I have attached the model viscosity and velocity solution at 0_th step for these two models below. They demonstrate very close results except at the trench part where the low viscosity in 32^3 case is a bit more blurry. 33x32x32 case: SlabSubduction3D2A2Step0

32x32x32 case: SlabSubduction3D2CStep0

I will attribute this convergence rate difference to coincidence by now, but will keep an eye on it.

Best regards, Ting

lmoresi commented 5 years ago

I don’t understand those numbers … can you clarify “one time faster / slower”

L

jmansour commented 5 years ago

@lmoresi, I think he means twice as fast for 33x32x32 local resolution run (although it's closer to three times as fast). ~Same global resolution~. So

33x32x32:

  Multigrid setup:        = 0.242 secs
  RHS V Solve:            = 6.193 secs / 18 its
  Pressure Solve:         = 212.4 secs / 48 its
  Final V Solve:          = 5.804 secs / 20 its

  Total BSSCR Linear solve time: 236.770290 seconds

32x32x32:

  Multigrid setup:        = 0.3395 secs
  RHS V Solve:            = 17.6 secs / 20 its
  Pressure Solve:         = 640.1 secs / 47 its
  Final V Solve:          = 16.97 secs / 20 its

  Total BSSCR Linear solve time: 679.924037 seconds

@tingyang2004 did you re-run the 32x32x32 run?

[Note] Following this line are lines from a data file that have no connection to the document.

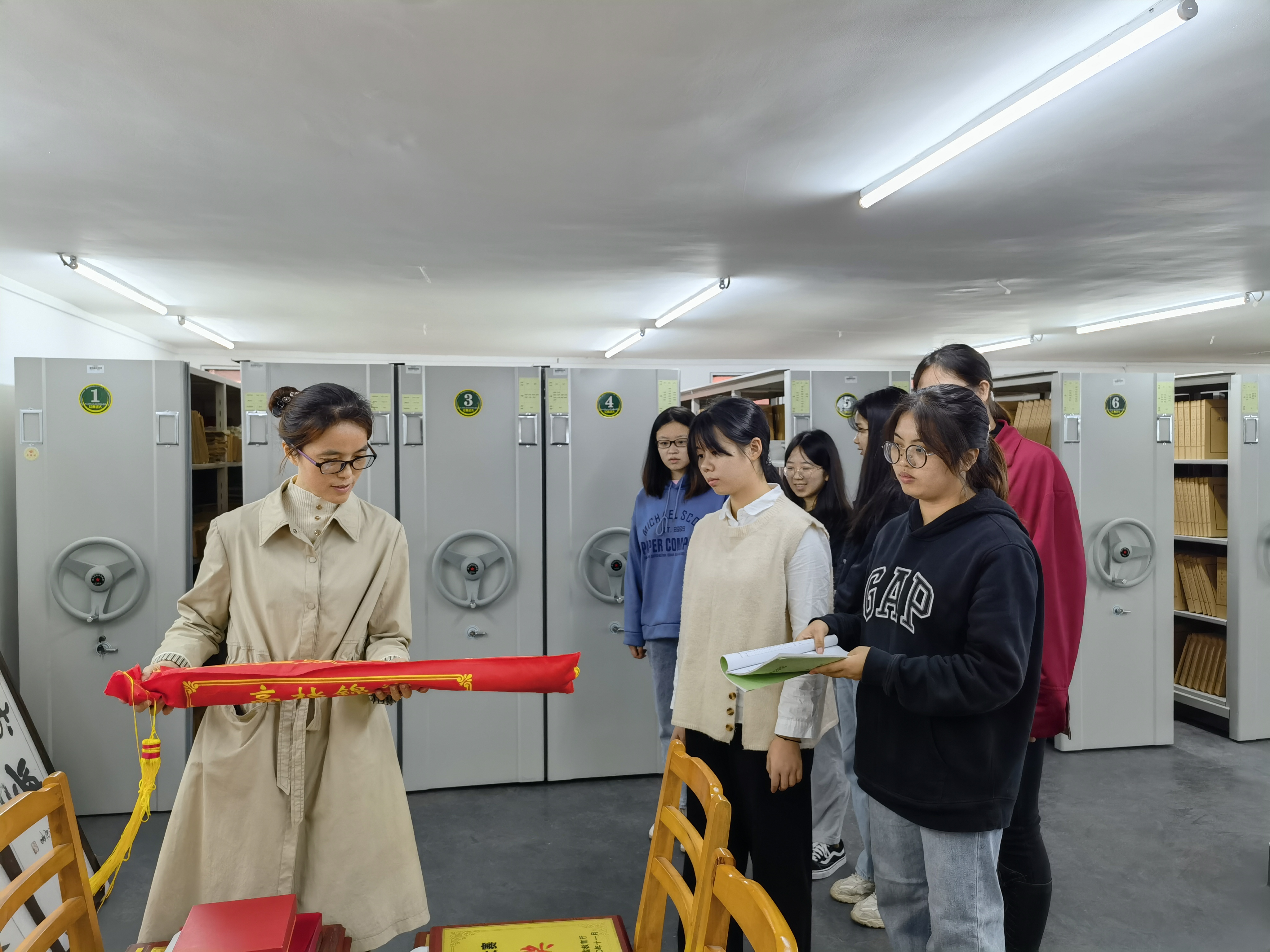 从2021年9月13日开始,档案馆迎接beat365秘书学专业2018及2020级学生来馆实习实训。馆长吴青霞带领同学们认真学习了最新的《干部人事档案管理条例》。
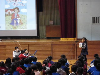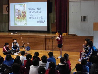12月6日(金)朝の活動は、全校ビブリオ集会が行われました。児童会図書委員会の児童が中心となって司会進行を進めました。今回は、学年代表のチャンプ本に選ばれた本の紹介を、1年生と4年生代表の児童が発表をしました。本の紹介の後、全校児童から質問や感想発表をする時間があり、どの学年からもたくさんの質問がありました。全校集会の回数を重ねていくうちに、発表する児童の紹介する本のレベル、発表の仕方、さらに質問する児童の内容のレベルも上がりました。これから冬休みに入りますが、一人でも多くの児童が読書に関心を持ってもらえればと願っています。
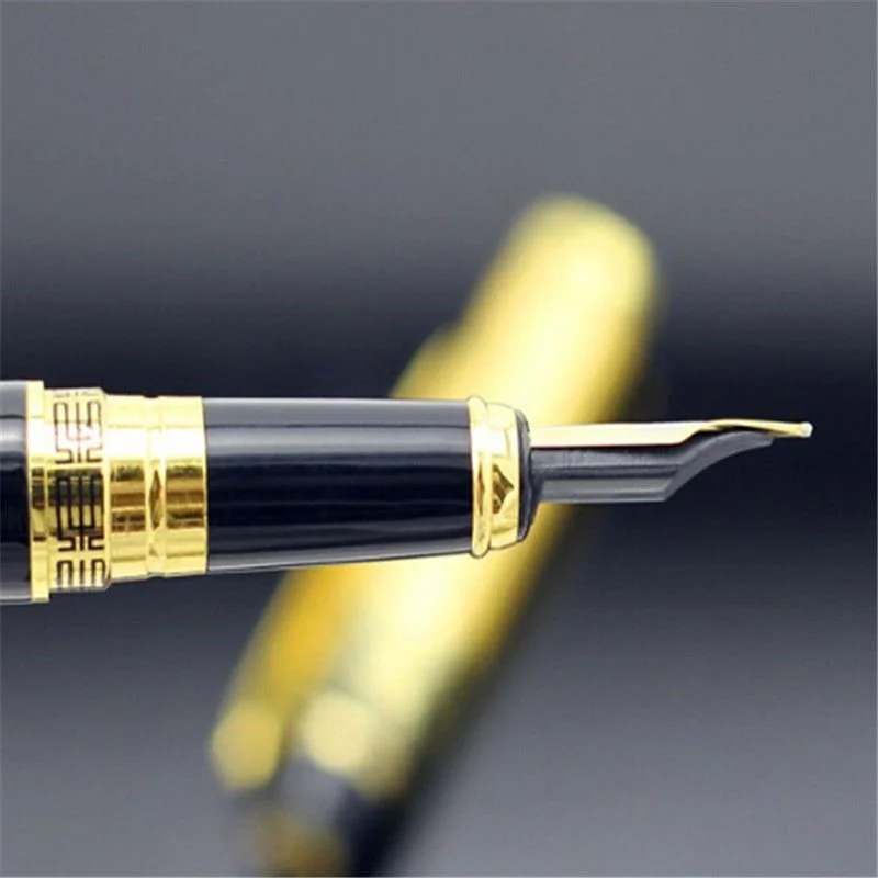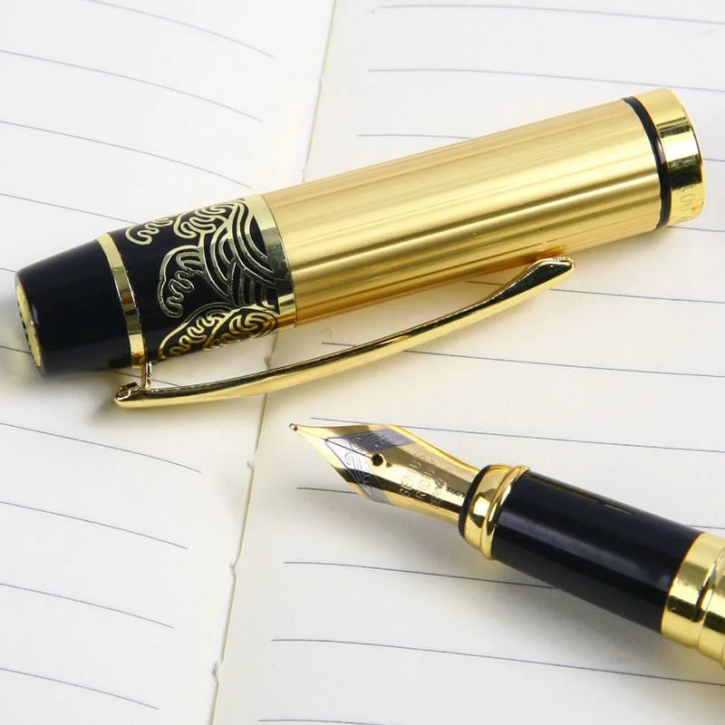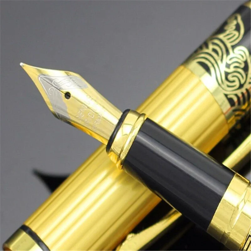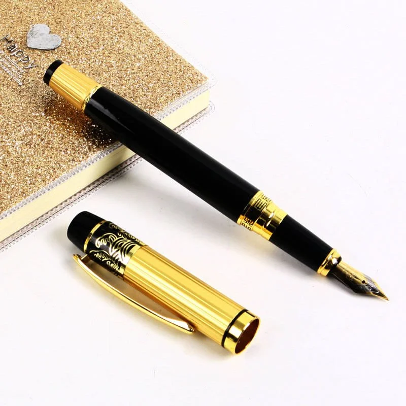 It is a high-quality fountain pen with a combination of black barrels and golden classic patterns.
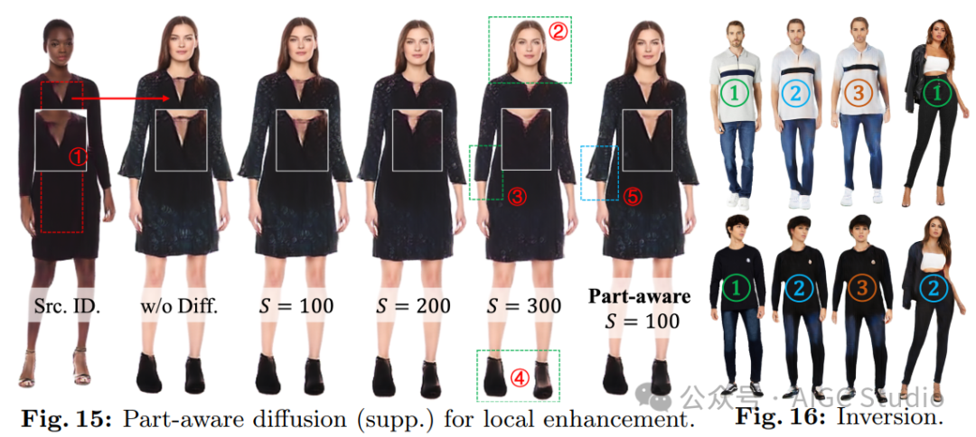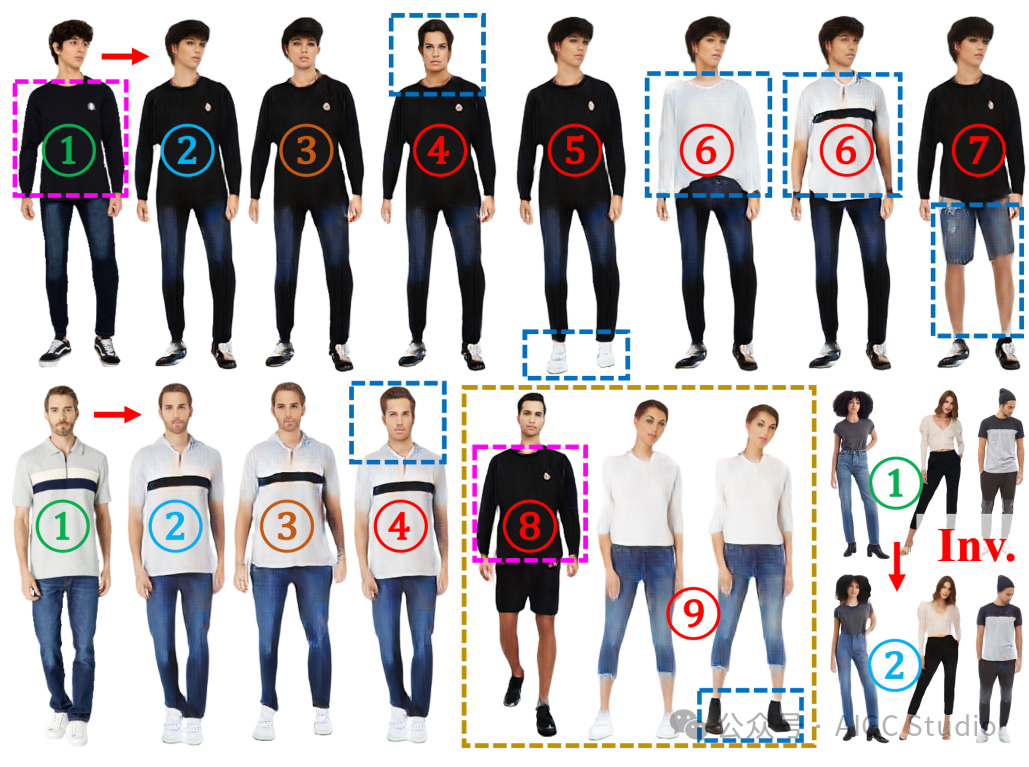 StructLDM 生成多样化的视图一致的人类,并支持不同级别的可控生成和编辑,例如通过混合从 a) 中选择的五个部分进行合成生成,以及部分感知编辑,例如身份交换、局部服装编辑、3D 虚拟试穿等。请注意,生成和编辑与服装无关,无需服装类型或面具。
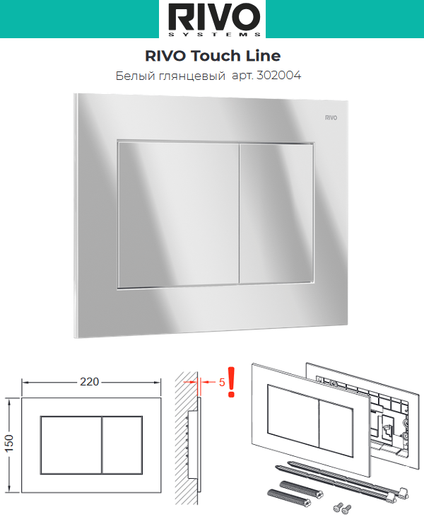 Клавиша смывная Rivo Touch Line белый глянцевый (302004)
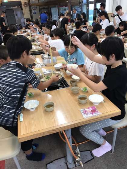 いよいよ夕食です。たくさん活動したのでお腹もペコペコです。メニューは「鴨鍋」です。
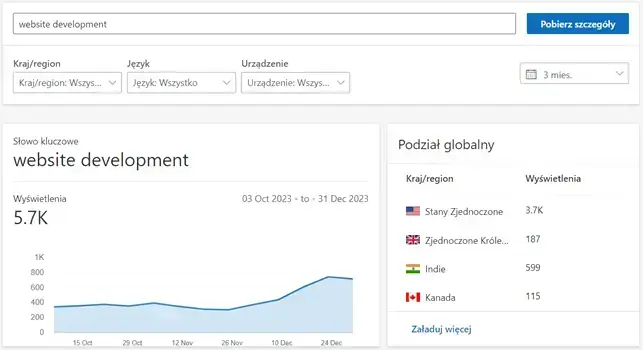 Kolejnym raportem, któremu warto się przyjrzeć jest Keyword research. Narzędzie do badania słów kluczowych zostało stworzone, aby pomóc webmasterom dowiedzieć się czego szukają użytkownicy. Po wpisaniu wybranego słowa kluczowego zobaczymy wiele ciekawych informacji. Raport przestawia dane o liczbie wyszukiwań z podziałem na kraje, powiązane słowa kluczowe, panujące trendy oraz TOP10 wyników wyszukiwania dla danego zapytania.

If not, can you so that we can see if these timings are repeatable. They're certainly very peculiar.

tingyang2004 commented 5 years ago

Louis and John,

I think 32x32x32 per core model is slower than 33x32x32 in this specific case, so I guess it is just a coincidence.

32x32x32 per core model (256x96x64 elements in total with 48 cores) takes around 20 min for each linear iteration or around 40 min for each step. 33x32x32 per core model (264x96x64 elements in total with 48 cores) takes around 10 min for each linear iteration or around 20 min for each step. These results seem repeatable on one server

tingyang2004 commented 5 years ago

Log files for these two models are attached in case you need more information. input2A2.out_bk.txt input2C.out_bk.txt

jmansour commented 5 years ago

Ok, sorry, it's different global resolution (of course). Still very strange.

jmansour commented 5 years ago

I'll close this ticket as I think it's run its course. Feel free to reopen.